ORDERED that the order is reversed, on the law, with costs, and the motion of the defendant City of Newburgh for summary judgment dismissing the amended complaint insofar as asserted against it is granted.
The plaintiff Gloria Marin (hereinafter the injured plaintiff), and her husband suing derivatively, commenced this action against the defendant City of Newburgh, among others, inter alia, to recover damages for personal injuries that the injured plaintiff allegedly sustained in June 2020, when she tripped and fell on a sunken water valve cap in a roadway located in the City. The City moved for summary judgment dismissing the amended complaint insofar as asserted against it, contending, among other things, that it did not have prior written notice of the allegedly defective condition. In an order dated May 30, 2024, the Supreme Court denied the City's motion. The City appeals.

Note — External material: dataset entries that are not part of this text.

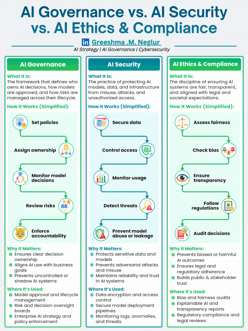 - These areas are interdependent: strong governance supports ethical and secure AI, while ethics and security inform governance decisions.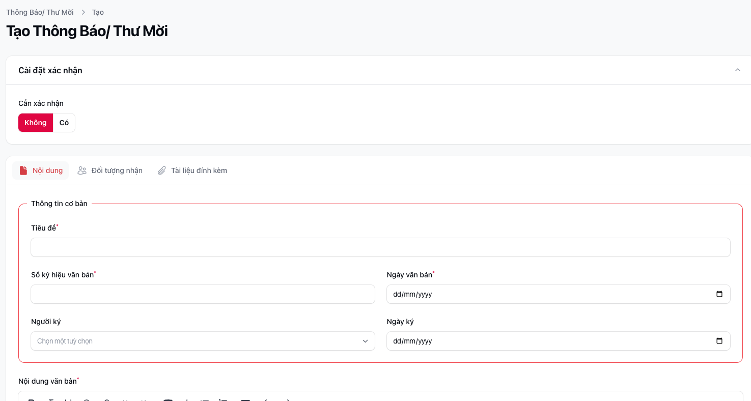- Tạo các Thông Báo/ Thư Mời hành chính mới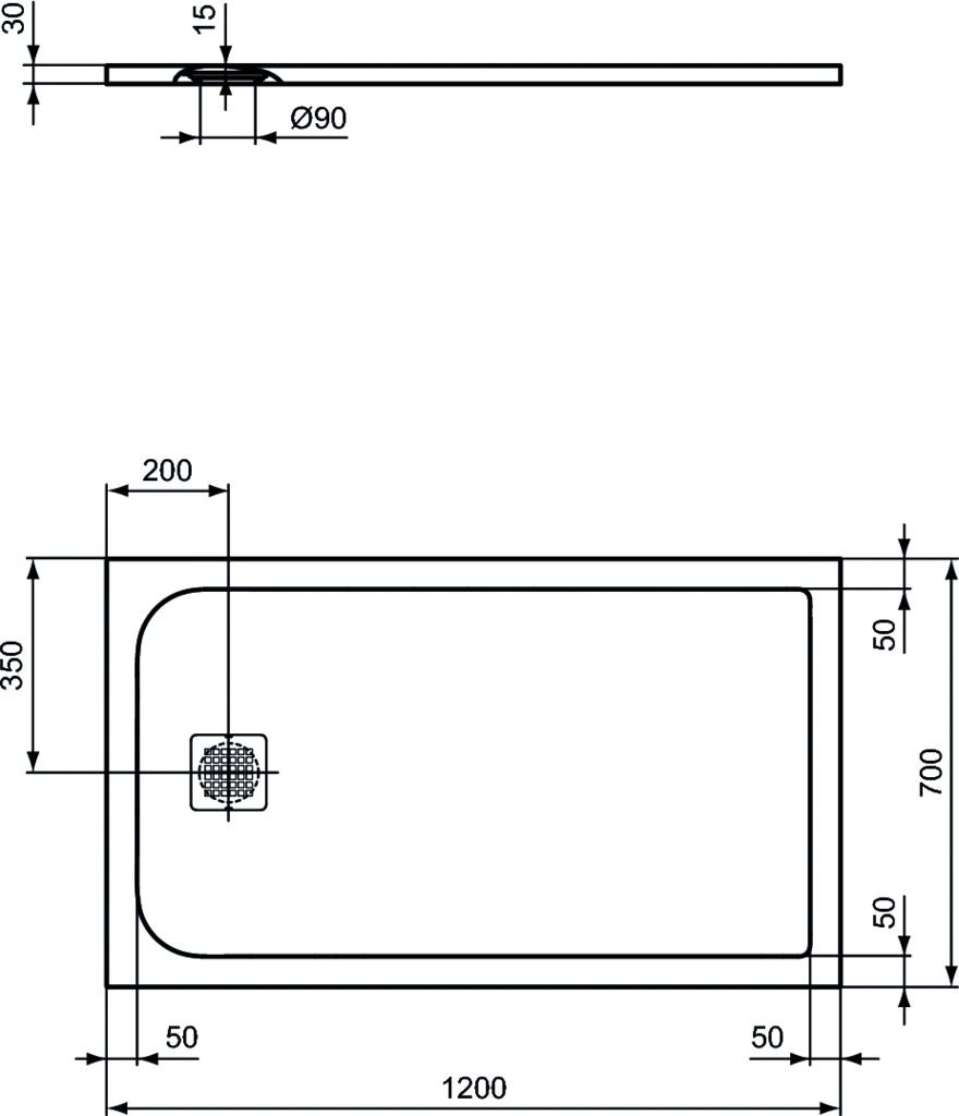 Brodzik grubości 30mm wykonany z materiału IDEAL SOLID. Klasa anty-poślizgowa C. Montaż na podłodze lub nad podłogą (do skompletowania z nogami do brodzika). Pokrywa odpływu ze stali nierdzewnej. Zalecane dodatkowe elementy: Syfon do brodzika - bez pokrywy (K936367). Uniwersalny zestaw nóg do brodzika (dla rozmiaru 1000 mm i większych - konieczne są 2 szt. K936467) (K936467).

“When a municipality has adopted a prior written notice law, the municipality ‘cannot be held liable for a defect within the scope of the law absent the requisite written notice, unless an exception to the requirement applies’ ” (Schaum v. City of New York, 216 A.D.3d 691, 691, 187 N.Y.S.3d 108, quoting Sanon v. MTA Long Is. R.R., 203 A.D.3d 773, 775, 164 N.Y.S.3d 175; see Amabile v. City of Buffalo, 93 N.Y.2d 471, 474, 693 N.Y.S.2d 77, 715 N.E.2d 104). “Where the municipality makes a prima facie showing that it lacked prior written notice of the alleged defect, the burden shifts to the plaintiff to demonstrate the applicability of one of two recognized exceptions to the rule—that the municipality affirmatively created the defect through an act of negligence or that a special use resulted in a special benefit to the locality” (Reynolds v. City of Poughkeepsie, 230 A.D.3d 1260, 1261, 218 N.Y.S.3d 452 [internal quotation marks omitted]; see Groninger v. Village of Mamaroneck, 17 N.Y.3d 125, 129–130, 927 N.Y.S.2d 304, 950 N.E.2d 908). The affirmative negligence exception is limited to work done by a municipality “that immediately results in the existence of a dangerous condition” (McConnell v. County of Nassau, 228 A.D.3d 649, 651, 213 N.Y.S.3d 356 [emphasis and internal quotation marks omitted]; see Wilson v. Incorporated Vil. of Freeport, 212 A.D.3d 870, 871, 182 N.Y.S.3d 225).
Here, the City established, prima facie, that it did not receive prior written notice of the alleged defect (see Mitchell v. Village of Monroe, 220 A.D.3d 853, 854, 198 N.Y.S.3d 716; Morales v. Village of Ossining, 218 A.D.3d 460, 461, 193 N.Y.S.3d 131). In opposition, the plaintiffs failed to raise a triable issue of fact as to whether an exception to the prior written notice law applied (see Grady v. Town of Hempstead, 223 A.D.3d 885, 886, 204 N.Y.S.3d 542; Wilson v. Incorporated Vil. of Freeport, 212 A.D.3d at 872, 182 N.Y.S.3d 225).
In light of our determination, we need not reach the City's remaining contention.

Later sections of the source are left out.